| PROVIDED DATA |
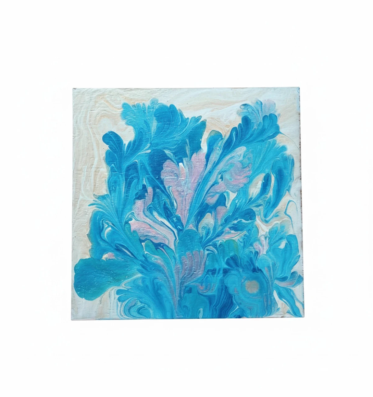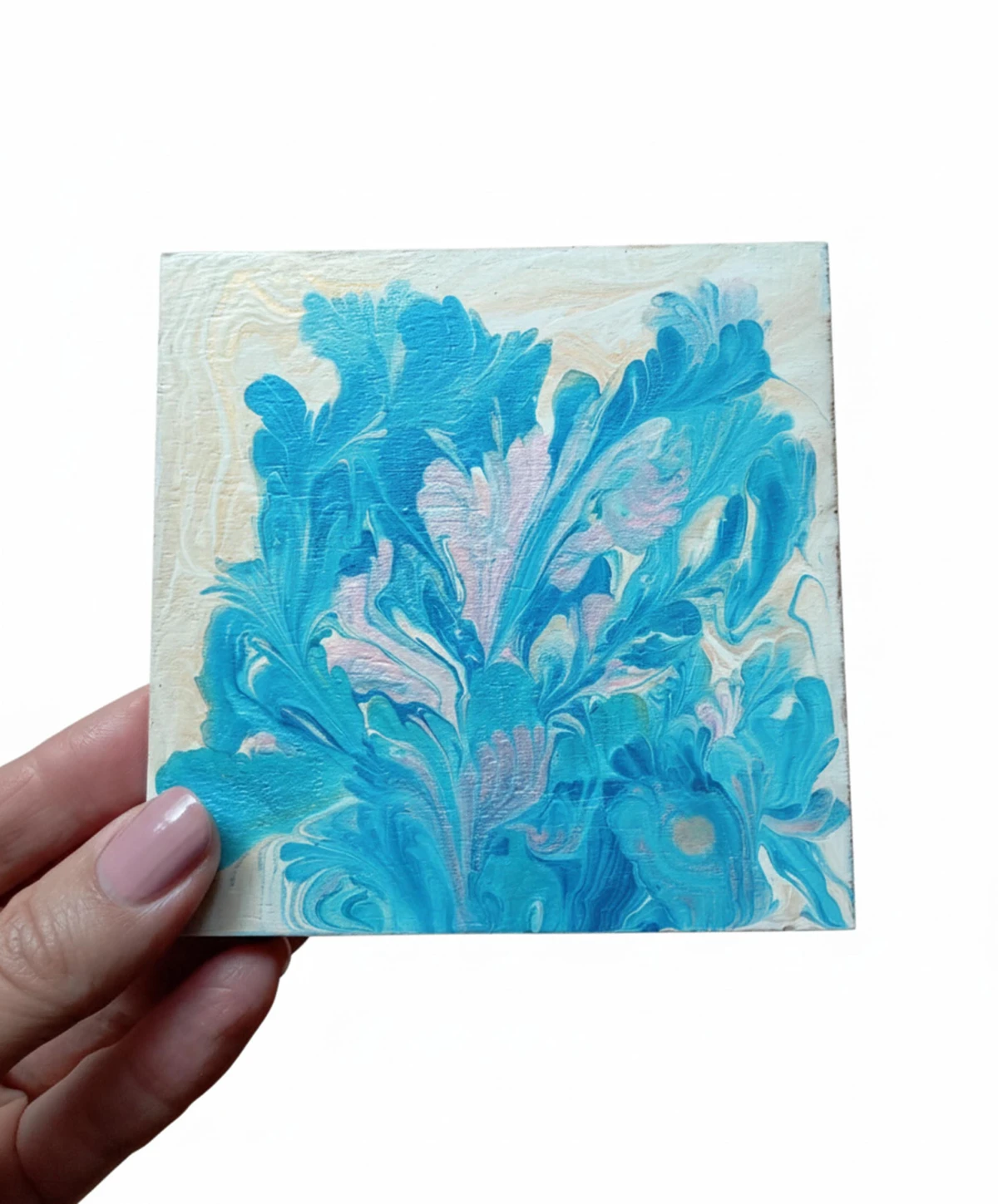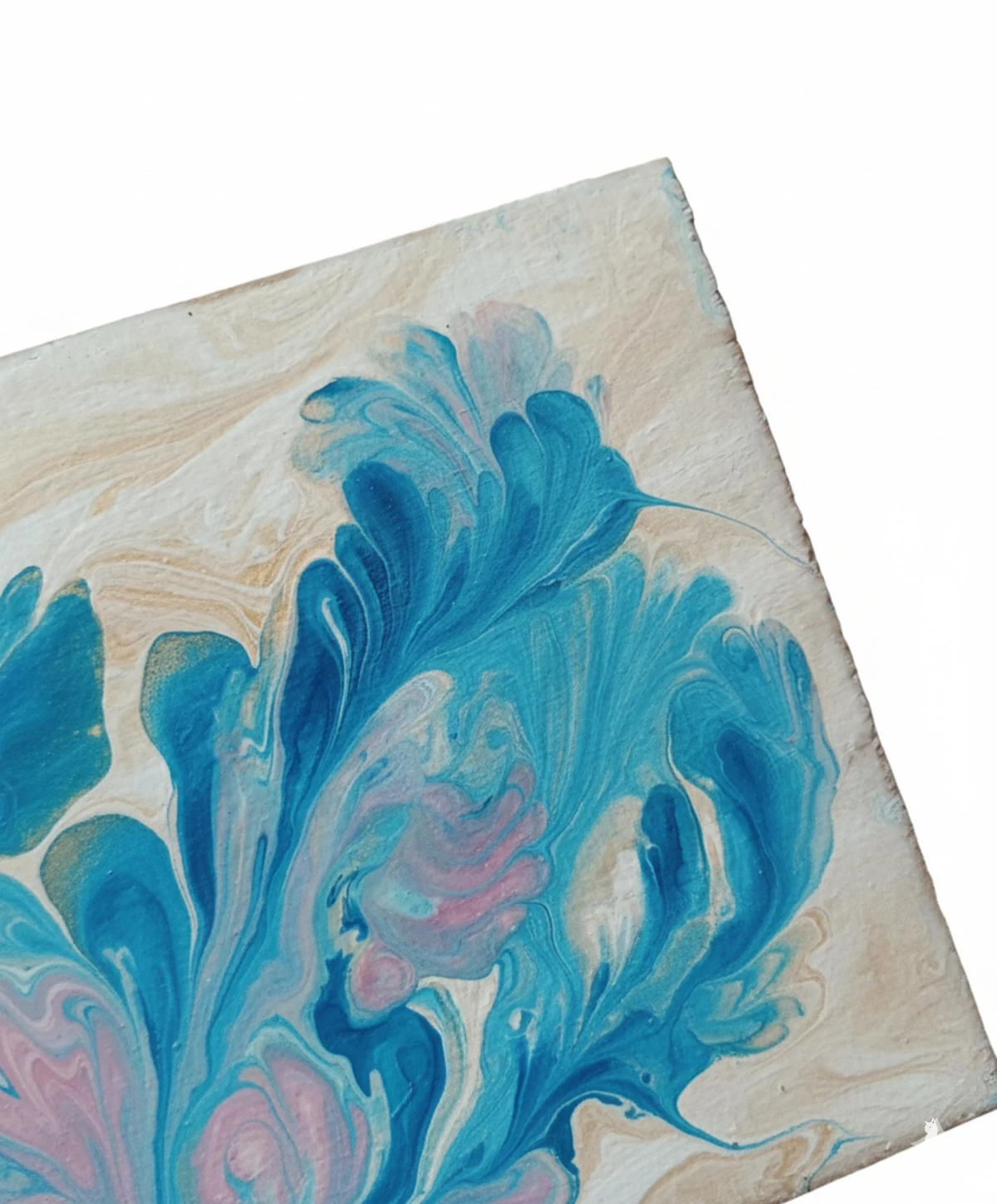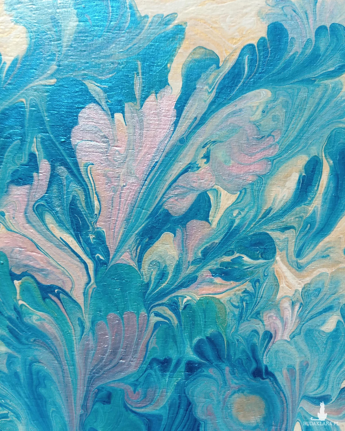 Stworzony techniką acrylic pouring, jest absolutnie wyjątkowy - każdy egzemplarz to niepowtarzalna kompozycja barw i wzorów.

==

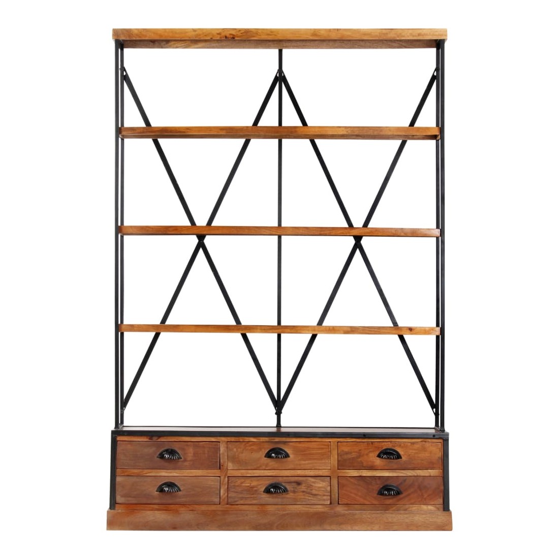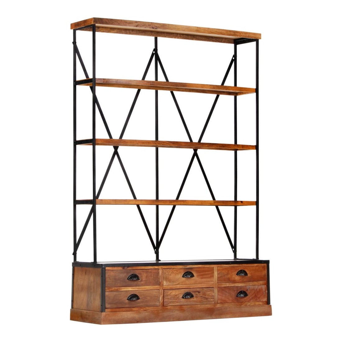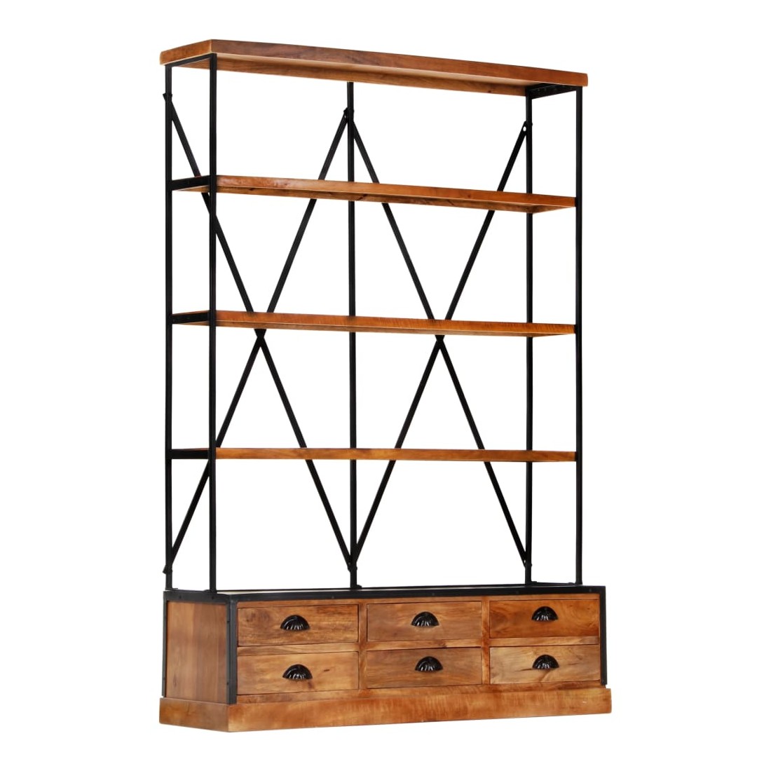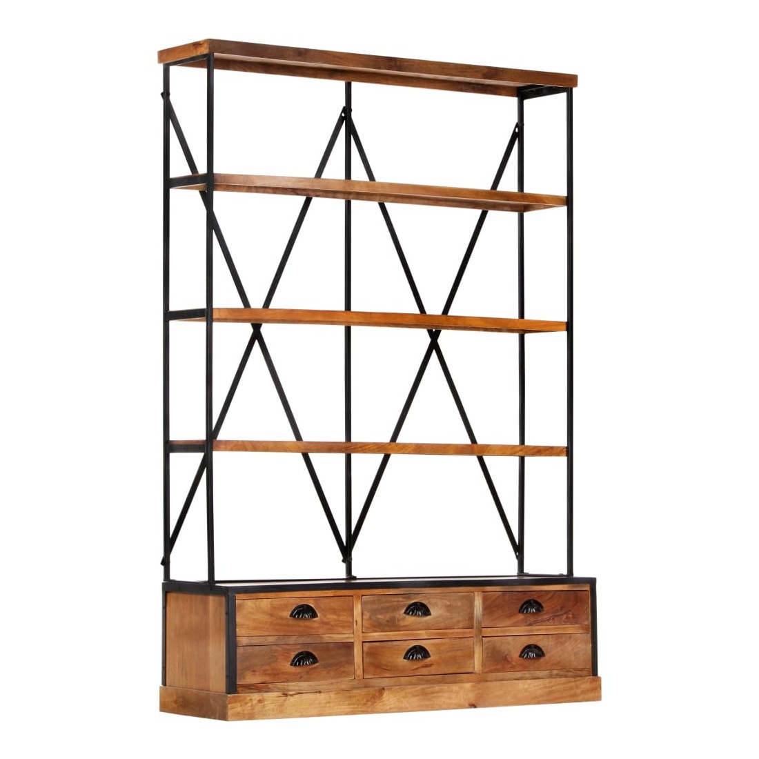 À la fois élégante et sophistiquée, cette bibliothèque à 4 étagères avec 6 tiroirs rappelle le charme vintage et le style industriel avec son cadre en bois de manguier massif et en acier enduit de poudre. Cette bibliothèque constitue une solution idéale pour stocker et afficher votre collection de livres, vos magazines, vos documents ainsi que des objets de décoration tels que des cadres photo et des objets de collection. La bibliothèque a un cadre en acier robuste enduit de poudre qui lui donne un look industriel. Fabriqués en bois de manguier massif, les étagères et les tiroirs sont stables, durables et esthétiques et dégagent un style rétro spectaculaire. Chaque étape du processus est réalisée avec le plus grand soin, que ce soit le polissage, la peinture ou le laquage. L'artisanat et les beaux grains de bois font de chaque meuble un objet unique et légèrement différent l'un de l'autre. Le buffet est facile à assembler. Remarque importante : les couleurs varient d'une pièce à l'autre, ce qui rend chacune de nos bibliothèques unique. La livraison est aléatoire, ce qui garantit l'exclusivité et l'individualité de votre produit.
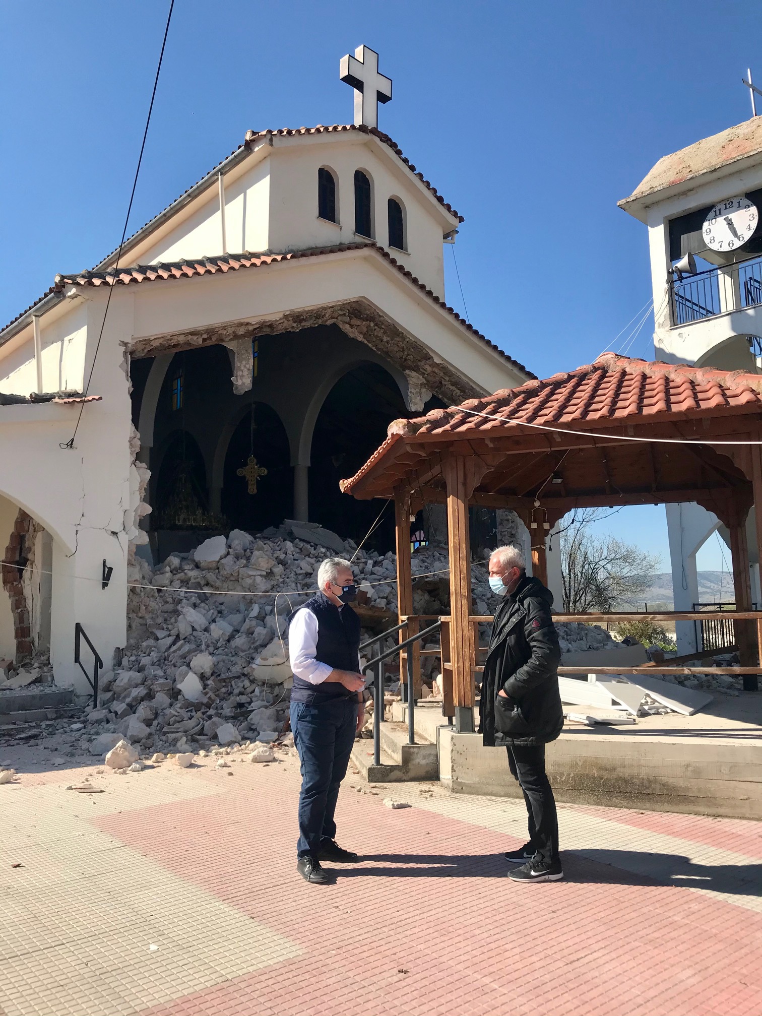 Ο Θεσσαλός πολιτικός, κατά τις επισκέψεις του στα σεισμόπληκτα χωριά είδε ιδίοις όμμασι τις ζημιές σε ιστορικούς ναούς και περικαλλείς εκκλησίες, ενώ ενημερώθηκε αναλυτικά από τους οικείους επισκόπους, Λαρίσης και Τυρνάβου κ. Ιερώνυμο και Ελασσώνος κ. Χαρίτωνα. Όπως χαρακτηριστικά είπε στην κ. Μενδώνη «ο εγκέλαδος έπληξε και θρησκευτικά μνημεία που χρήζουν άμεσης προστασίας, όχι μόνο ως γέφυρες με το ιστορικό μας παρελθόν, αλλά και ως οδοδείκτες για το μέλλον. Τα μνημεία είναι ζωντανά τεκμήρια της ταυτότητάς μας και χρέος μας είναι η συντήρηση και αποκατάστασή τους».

| DESCRIPTION OF THE TASK |
Using the entries above, transcribe exactly from the line that has "À la fois élégante" through the line that has "Ο Θεσσαλός πολιτικός, κατά". Pictures are dropped.

| WRITTEN RESPONSE |
 À la fois élégante et sophistiquée, cette bibliothèque à 4 étagères avec 6 tiroirs rappelle le charme vintage et le style industriel avec son cadre en bois de manguier massif et en acier enduit de poudre. Cette bibliothèque constitue une solution idéale pour stocker et afficher votre collection de livres, vos magazines, vos documents ainsi que des objets de décoration tels que des cadres photo et des objets de collection. La bibliothèque a un cadre en acier robuste enduit de poudre qui lui donne un look industriel. Fabriqués en bois de manguier massif, les étagères et les tiroirs sont stables, durables et esthétiques et dégagent un style rétro spectaculaire. Chaque étape du processus est réalisée avec le plus grand soin, que ce soit le polissage, la peinture ou le laquage. L'artisanat et les beaux grains de bois font de chaque meuble un objet unique et légèrement différent l'un de l'autre. Le buffet est facile à assembler. Remarque importante : les couleurs varient d'une pièce à l'autre, ce qui rend chacune de nos bibliothèques unique. La livraison est aléatoire, ce qui garantit l'exclusivité et l'individualité de votre produit.
 Ο Θεσσαλός πολιτικός, κατά τις επισκέψεις του στα σεισμόπληκτα χωριά είδε ιδίοις όμμασι τις ζημιές σε ιστορικούς ναούς και περικαλλείς εκκλησίες, ενώ ενημερώθηκε αναλυτικά από τους οικείους επισκόπους, Λαρίσης και Τυρνάβου κ. Ιερώνυμο και Ελασσώνος κ. Χαρίτωνα. Όπως χαρακτηριστικά είπε στην κ. Μενδώνη «ο εγκέλαδος έπληξε και θρησκευτικά μνημεία που χρήζουν άμεσης προστασίας, όχι μόνο ως γέφυρες με το ιστορικό μας παρελθόν, αλλά και ως οδοδείκτες για το μέλλον. Τα μνημεία είναι ζωντανά τεκμήρια της ταυτότητάς μας και χρέος μας είναι η συντήρηση και αποκατάστασή τους».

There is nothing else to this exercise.